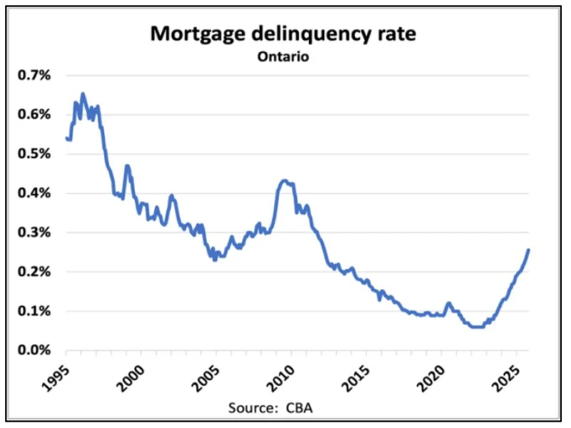The Mortgage Renewal Wall is reaching its peak this year. Approximately 60% of all outstanding Canadian mortgages will renew in 2025 and 2026—one of the largest renewal waves in history. In 2026 alone, roughly 1 million mortgages are scheduled for renewal. Most borrowers will face payment increases of 10% to 20% or more, pulling spending away from disposable income—assuming households can absorb the increase at all. Mortgage delinquencies have risen 7% nationally over the past three months, according to the Canadian Bankers Association.
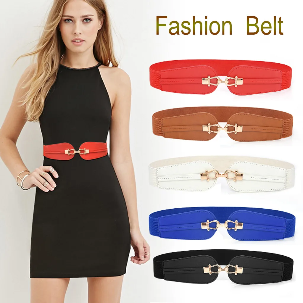 Женская мода Дикий Широкий Пояс эластичное платье-Стретч пояс с пряжкой
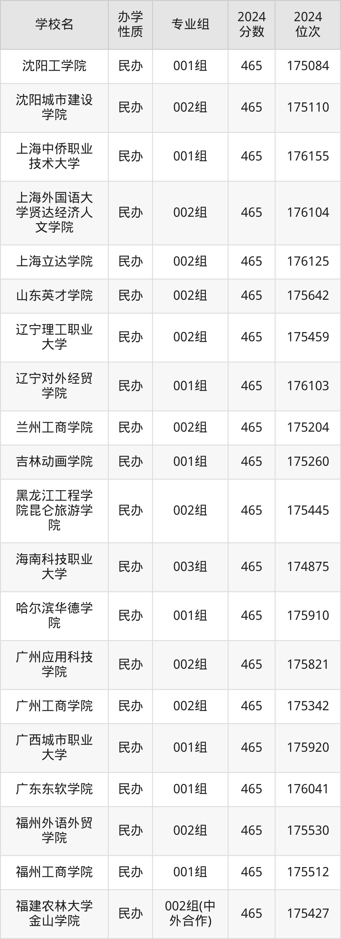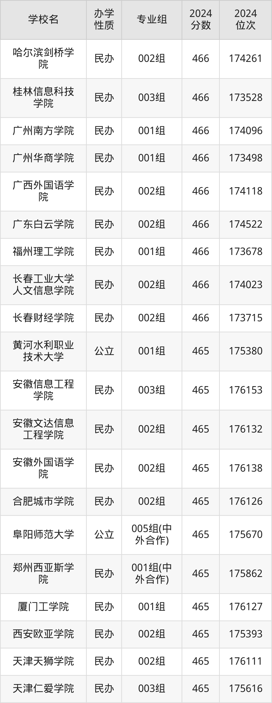 | 郑州西亚斯学 院 | 001组(中 外合作) | 465 | 175862 |
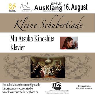 Bei den AusKlang-Abenden ist Atsuko Kinoshita ein gern gesehener Gast, nicht zuletzt auch, weil sie einen besonderen Kontakt zum Publikum aufbaut. Sie moderiert ihre Konzerte selbst und mitunter erläutert sie ihren Zuhörern einzelne, besonders bemerkenswerte Passagen. Auf ihre „Kleine Schubertiade“ darf man also gespannt sein.
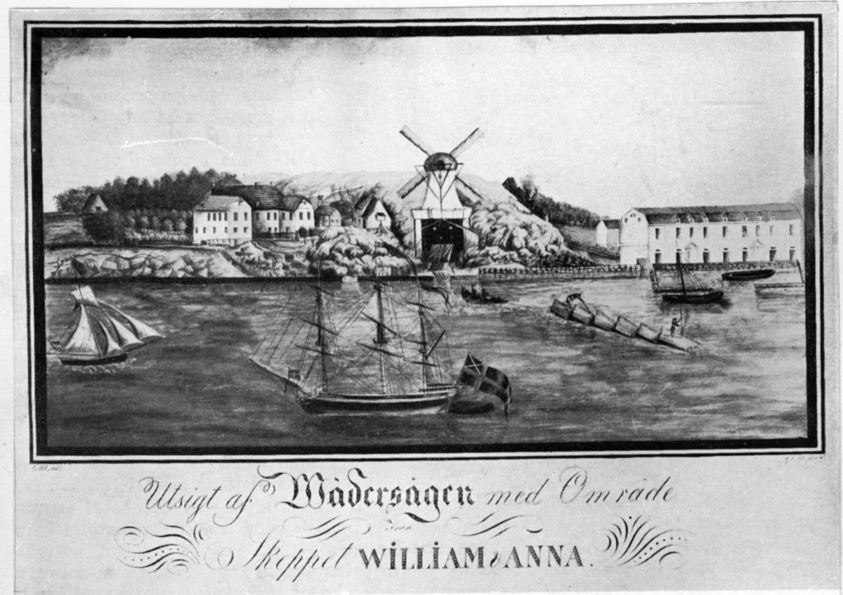 'Bildtext: ''Bild 372. Vädersågen i Majorna vid Göteborg omkring 1820.'' Vy med båtar, väderkvarn och hus. Träindustri. :: :: Fotonr. 7046:354-368 indelade som ''Virkesförädling, virkets användning.'' Ingår i serie med fotonr. 7046:1-383, 7047:1-33 och 7048:1-67 med bilder från Länsjägmästare John Lindners bildarkiv.'

### About this task:
Using the listing above, write out exactly the lines from the one that holds "465 | 175862 |" through the last line, both included, and omit pictures.

### Answer space:
 | 郑州西亚斯学 院 | 001组(中 外合作) | 465 | 175862 |
 Bei den AusKlang-Abenden ist Atsuko Kinoshita ein gern gesehener Gast, nicht zuletzt auch, weil sie einen besonderen Kontakt zum Publikum aufbaut. Sie moderiert ihre Konzerte selbst und mitunter erläutert sie ihren Zuhörern einzelne, besonders bemerkenswerte Passagen. Auf ihre „Kleine Schubertiade“ darf man also gespannt sein.
 'Bildtext: ''Bild 372. Vädersågen i Majorna vid Göteborg omkring 1820.'' Vy med båtar, väderkvarn och hus. Träindustri. :: :: Fotonr. 7046:354-368 indelade som ''Virkesförädling, virkets användning.'' Ingår i serie med fotonr. 7046:1-383, 7047:1-33 och 7048:1-67 med bilder från Länsjägmästare John Lindners bildarkiv.'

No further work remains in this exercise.